Nadim Souaid

Free agent
- Position: Shooting guard / small forward

Personal information
- Born: August 20, 1986 (age 39) Byblos, Lebanon
- Listed height: 1.92 m (6 ft 4 in)
- Listed weight: 89 kg (196 lb)

Career information
- Playing career: 2011–present

Career history
- 2011–2012: Bejjeh SC
- 2012–2013: Champville SC
- 2013–2014: Tadamon Zouk
- 2015–2017: Homenetmen BC
- 2017–2018: Sagesse Club
- 2018–2019: Champville SC
- 2019–2021: Sagesse Club
- 2021–2022: Beirut Club
- 2022–2024: Nadim Souaid Academy

= Nadim Souaid =

Lebanese basketball player (born 1986)

Nadim Souaid (born 20 August 1986) is a Lebanese basketball player who last played for the Nadim Souaid Academy in the Lebanese Basketball League. During the 2011-12 season, he played for Bejjeh SC, showcasing impressive statistics with an average of 18.9 points per game, 7.1 rebounds, 3.2 assists, and 1.6 steals. In the 2012–13 season, Nadim played for Champville SC, maintaining strong performance with averages of 9.5 points, 3.7 rebounds, and 2 assists per game.

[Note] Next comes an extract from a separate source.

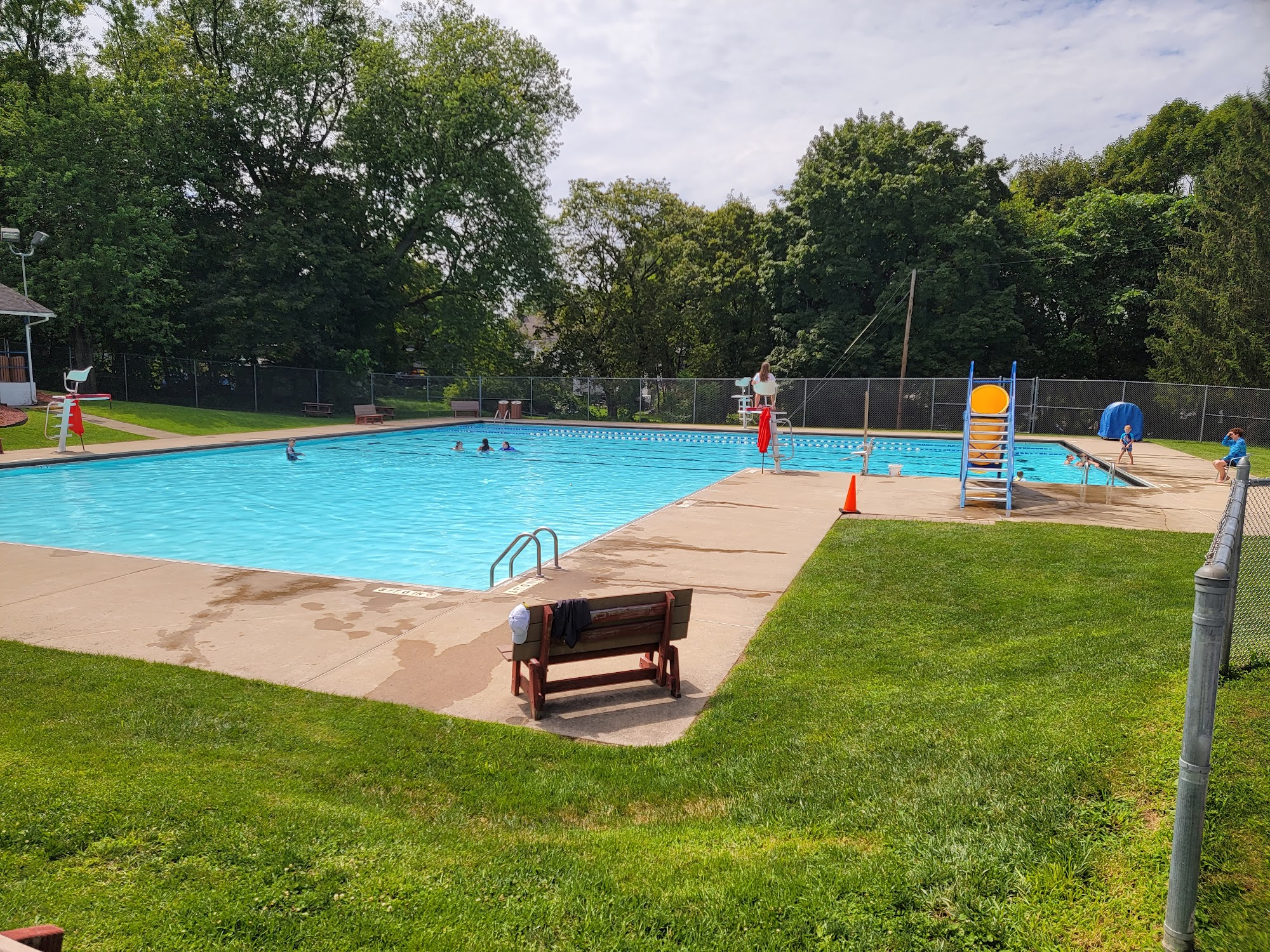 What are people saying (AI review summary)? The pool generally receives mixed but largely positive feedback. Patrons often praise its spaciousness, uncrowded conditions, and family-friendly amenities, which include splash pads, kiddie pools, and a slide. Many appreciate the attentive lifeguards, convenient hours (typically 10 am to 7 pm during summer), and provided amenities like umbrellas and lounge chairs. While some enjoy the playful and engaging teen staff, common drawbacks include the main pool's relatively shallow depth (around 3-5.5 feet), which may not appeal to those desiring deeper water, and limited concessions (only drinks, snacks, ice cream), requiring visitors to bring their own food. A significant negative review highlighted concerns about dirty pool water, bugs, poor rule enforcement, and potential for rashes, recommending immediate rinsing after swimming. Operational details include a mid-June opening, Labor Day closing, and a slight increase in membership fees.

Moving on to the 2013–14 season, Nadim contributed significantly to Tadamon Zouk, averaging 14.2 points, 3.5 rebounds, and 2.9 assists per game. He is also a valued member of the Lebanon national basketball team, having competed in the 2013 William Jones Cup. Nadim signed with Homenetmen BC in 2015.

In 2017, Nadim Souaid joined Sagesse Club. However, in July 2018, he made the move to Champville SC. After a successful stint, he returned to Sagesse Club in 2019. In 2021, he transitioned to Beirut Club, where he contributed to securing a championship title for the team.

Even following his retirement, Souaid continues to make impact on the basketball scene in Lebanon. He is the main part of Nadim Souaid Academy, contributing notably to the D1 team.